Provided records: Begin
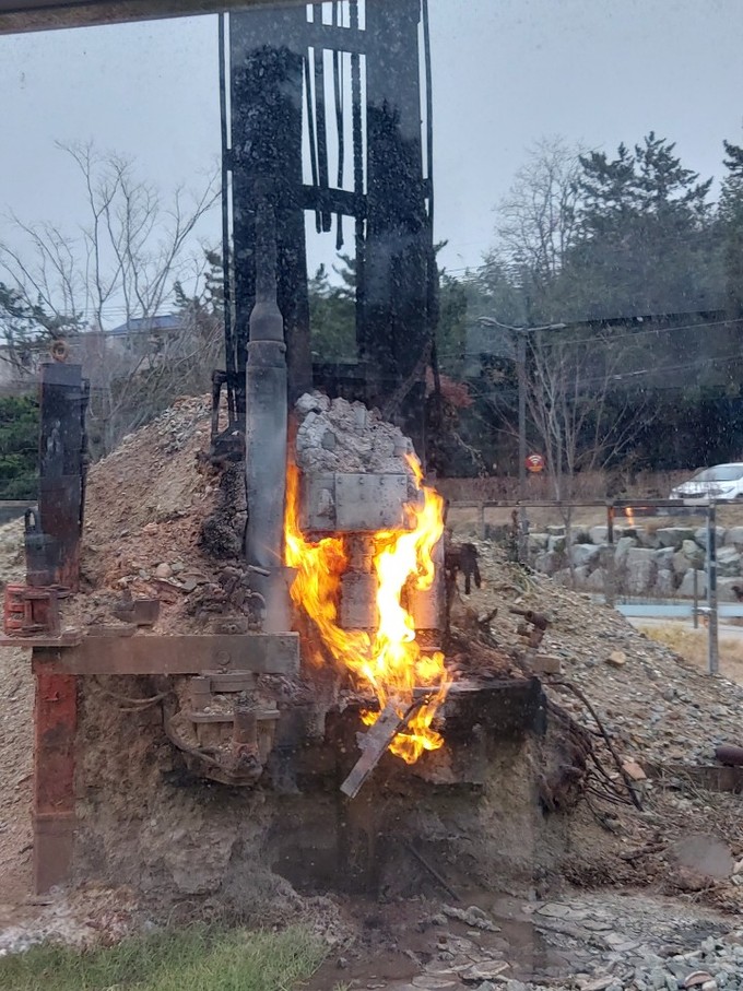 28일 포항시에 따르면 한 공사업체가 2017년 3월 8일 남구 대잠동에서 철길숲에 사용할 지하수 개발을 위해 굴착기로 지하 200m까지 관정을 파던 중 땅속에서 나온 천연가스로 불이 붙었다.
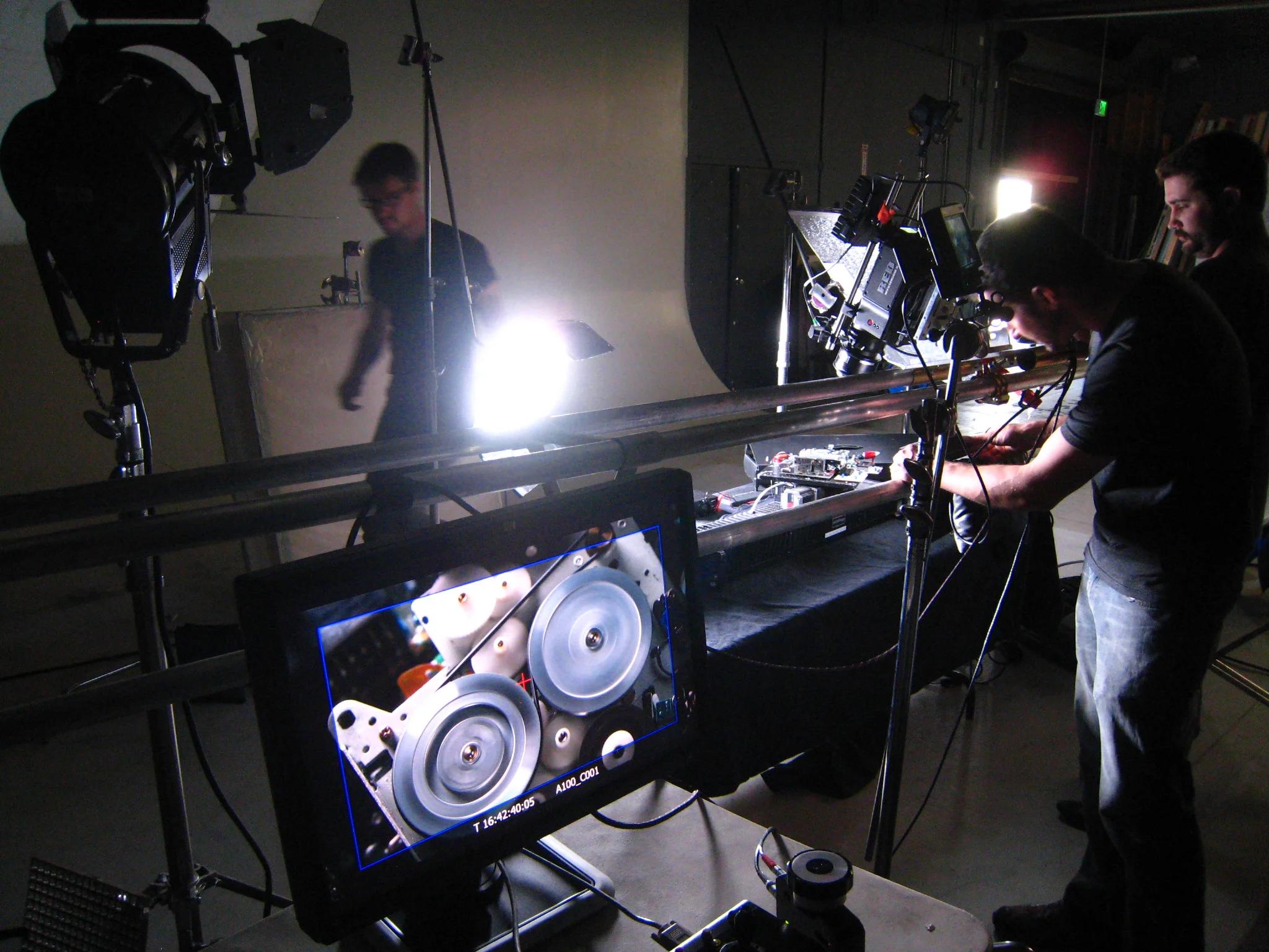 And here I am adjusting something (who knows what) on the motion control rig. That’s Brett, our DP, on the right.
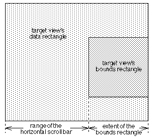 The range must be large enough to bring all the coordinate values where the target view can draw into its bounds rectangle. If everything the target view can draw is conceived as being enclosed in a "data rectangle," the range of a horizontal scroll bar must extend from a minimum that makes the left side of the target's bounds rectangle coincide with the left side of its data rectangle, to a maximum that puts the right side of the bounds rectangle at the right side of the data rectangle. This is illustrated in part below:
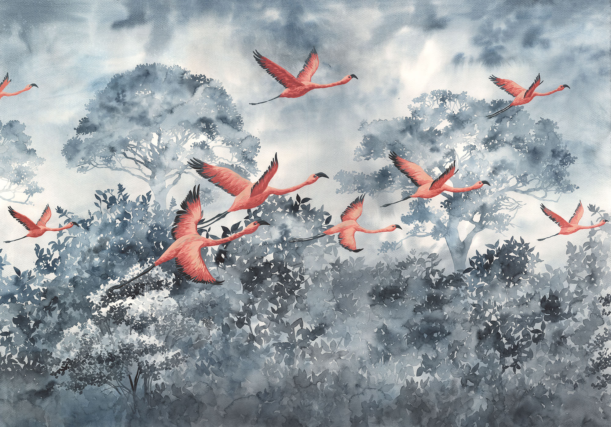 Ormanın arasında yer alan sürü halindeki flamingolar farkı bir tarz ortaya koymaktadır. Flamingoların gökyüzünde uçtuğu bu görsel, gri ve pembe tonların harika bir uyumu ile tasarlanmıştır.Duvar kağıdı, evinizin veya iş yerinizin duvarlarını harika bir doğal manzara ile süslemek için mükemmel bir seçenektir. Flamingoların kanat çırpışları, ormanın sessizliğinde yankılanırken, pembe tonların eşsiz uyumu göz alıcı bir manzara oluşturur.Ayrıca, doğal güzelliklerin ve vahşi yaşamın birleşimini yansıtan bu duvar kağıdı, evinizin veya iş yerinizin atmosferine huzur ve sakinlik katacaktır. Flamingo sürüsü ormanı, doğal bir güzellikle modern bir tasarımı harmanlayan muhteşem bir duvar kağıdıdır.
Provided records: End
Provided records: Begin
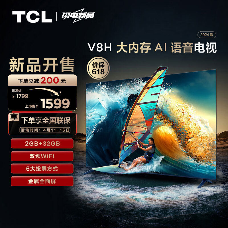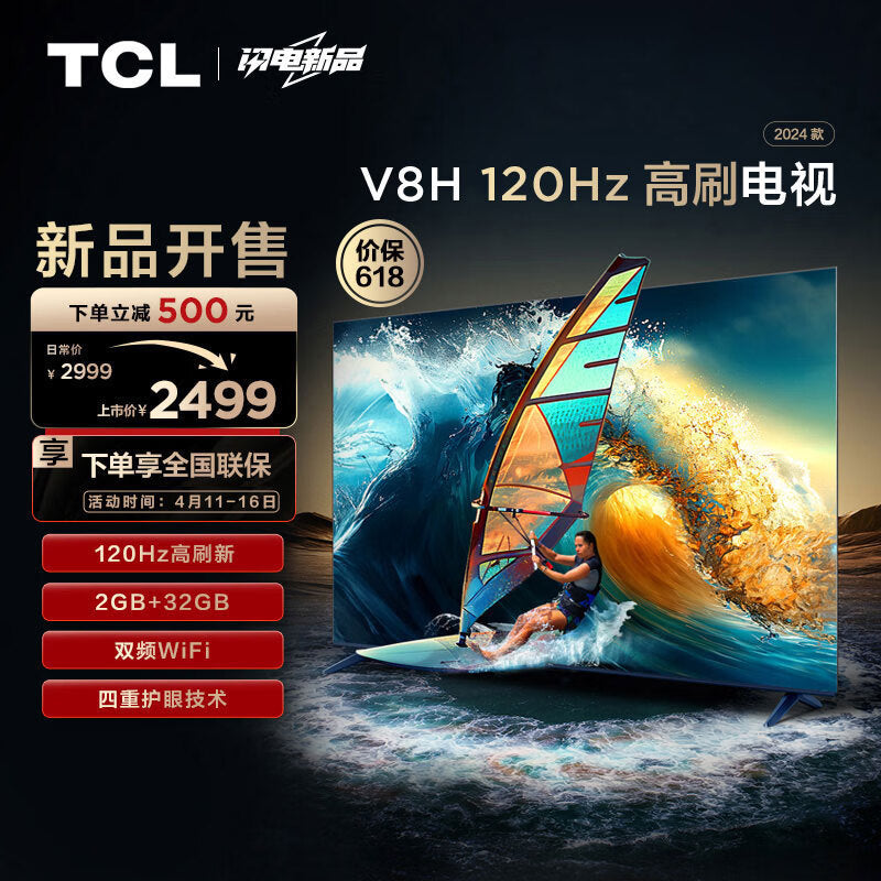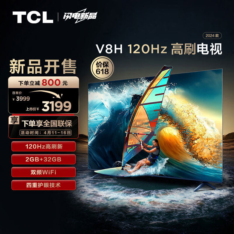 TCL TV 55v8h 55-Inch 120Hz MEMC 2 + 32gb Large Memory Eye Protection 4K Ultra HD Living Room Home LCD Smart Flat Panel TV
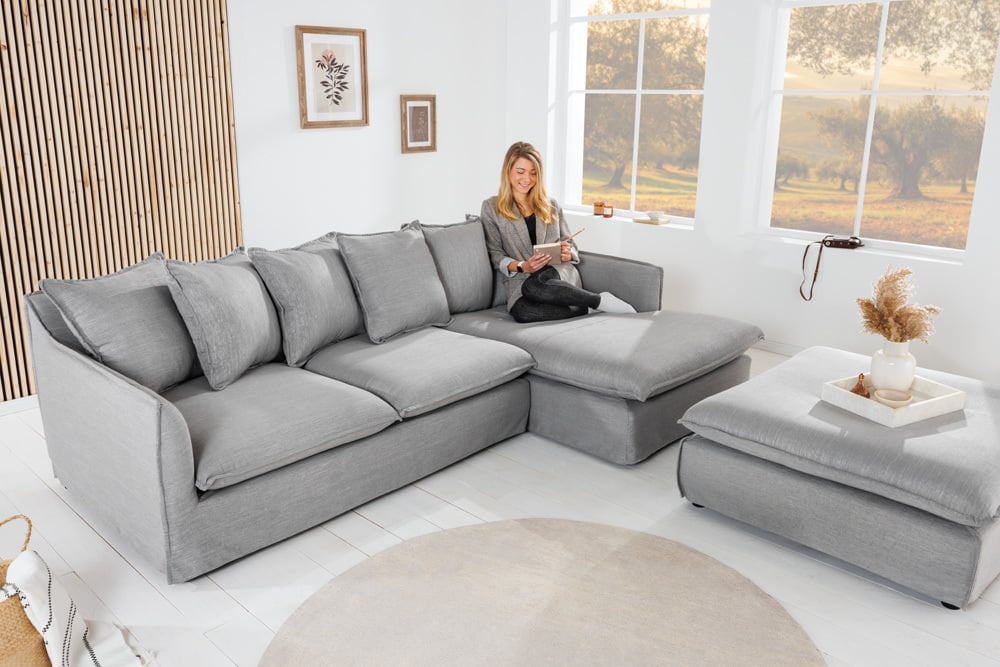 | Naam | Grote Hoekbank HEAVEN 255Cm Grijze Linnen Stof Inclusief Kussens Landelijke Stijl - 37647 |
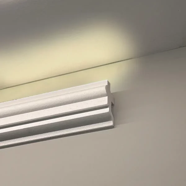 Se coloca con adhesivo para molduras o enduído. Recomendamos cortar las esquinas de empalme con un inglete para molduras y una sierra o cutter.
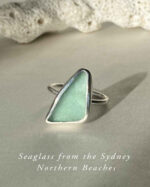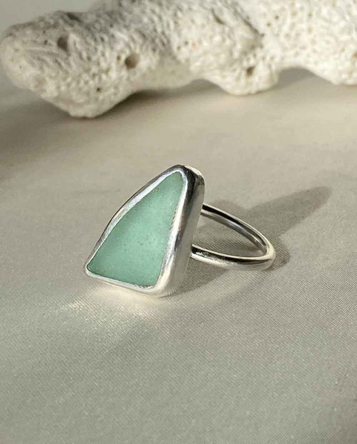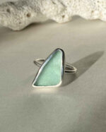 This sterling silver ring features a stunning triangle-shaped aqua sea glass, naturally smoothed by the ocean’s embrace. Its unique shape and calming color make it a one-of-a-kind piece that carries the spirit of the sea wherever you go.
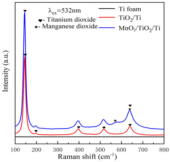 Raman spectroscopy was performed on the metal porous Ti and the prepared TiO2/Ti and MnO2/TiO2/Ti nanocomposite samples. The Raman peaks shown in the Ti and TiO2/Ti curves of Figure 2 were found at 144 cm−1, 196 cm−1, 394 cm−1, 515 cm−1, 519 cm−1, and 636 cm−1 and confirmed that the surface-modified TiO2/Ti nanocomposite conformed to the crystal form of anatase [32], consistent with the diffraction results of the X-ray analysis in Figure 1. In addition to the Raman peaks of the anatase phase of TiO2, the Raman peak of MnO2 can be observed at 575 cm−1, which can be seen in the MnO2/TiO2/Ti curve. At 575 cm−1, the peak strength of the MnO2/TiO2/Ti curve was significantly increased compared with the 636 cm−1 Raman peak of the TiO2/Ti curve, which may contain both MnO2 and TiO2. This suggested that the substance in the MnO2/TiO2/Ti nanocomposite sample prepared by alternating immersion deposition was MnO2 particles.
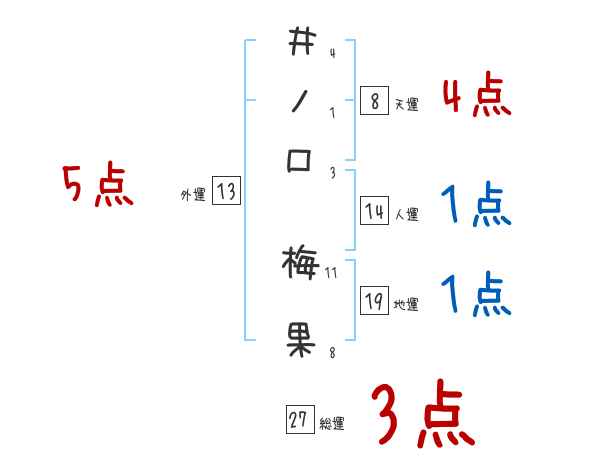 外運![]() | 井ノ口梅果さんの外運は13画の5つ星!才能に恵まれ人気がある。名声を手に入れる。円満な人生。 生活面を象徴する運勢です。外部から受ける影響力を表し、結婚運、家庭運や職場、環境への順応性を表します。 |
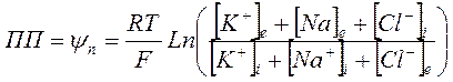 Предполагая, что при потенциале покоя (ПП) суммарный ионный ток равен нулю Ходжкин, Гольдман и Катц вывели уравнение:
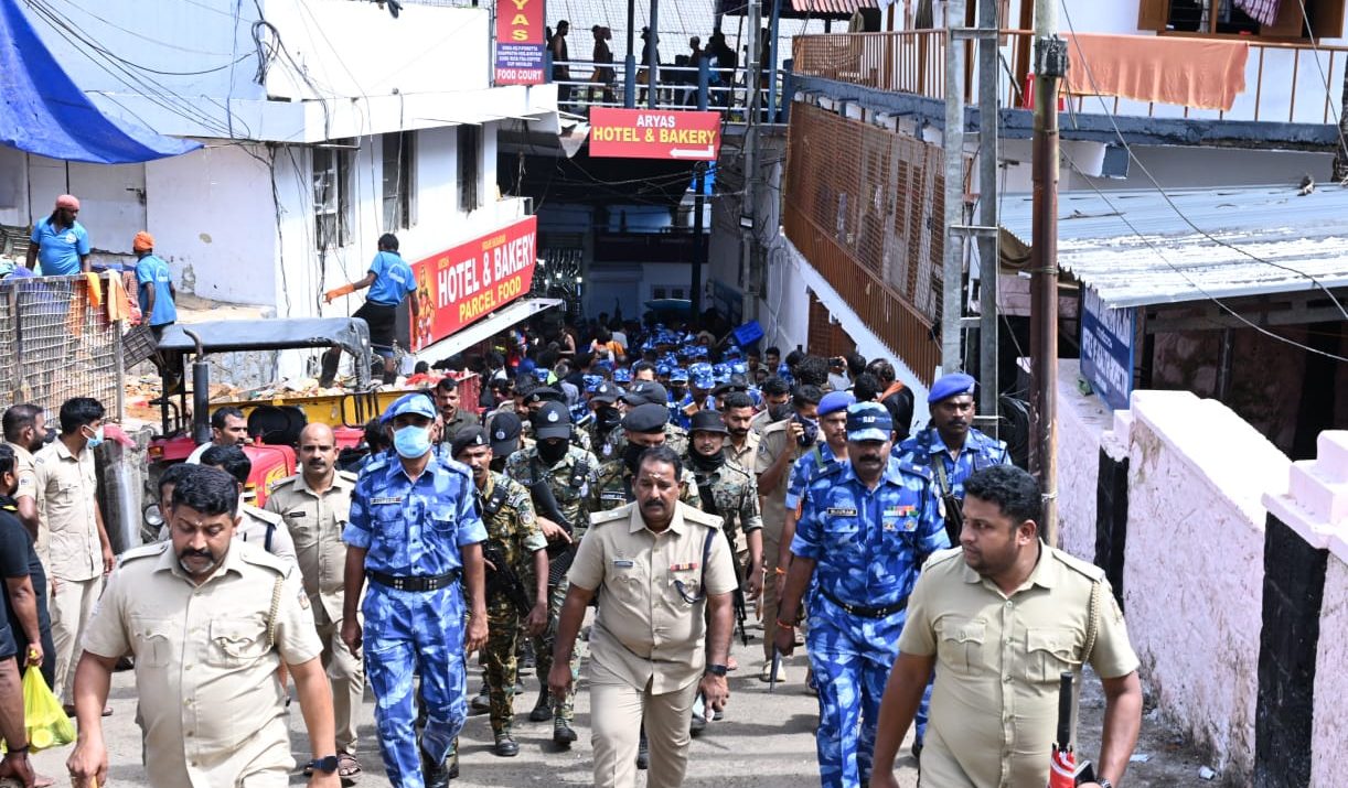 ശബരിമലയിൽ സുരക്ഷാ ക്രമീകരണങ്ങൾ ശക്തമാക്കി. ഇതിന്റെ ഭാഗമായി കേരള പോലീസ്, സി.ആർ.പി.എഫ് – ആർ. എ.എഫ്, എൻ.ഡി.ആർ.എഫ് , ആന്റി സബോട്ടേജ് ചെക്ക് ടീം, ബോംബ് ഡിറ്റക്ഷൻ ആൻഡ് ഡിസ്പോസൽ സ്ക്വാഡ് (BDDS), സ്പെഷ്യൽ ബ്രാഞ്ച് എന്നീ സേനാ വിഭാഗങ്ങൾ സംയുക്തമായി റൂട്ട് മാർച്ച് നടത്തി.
Provided records: End
Using the data above, return the lines from the one holding "Se coloca con" through the one holding "This sterling silver" exactly, but not the pictures.

 Se coloca con adhesivo para molduras o enduído. Recomendamos cortar las esquinas de empalme con un inglete para molduras y una sierra o cutter.
 This sterling silver ring features a stunning triangle-shaped aqua sea glass, naturally smoothed by the ocean’s embrace. Its unique shape and calming color make it a one-of-a-kind piece that carries the spirit of the sea wherever you go.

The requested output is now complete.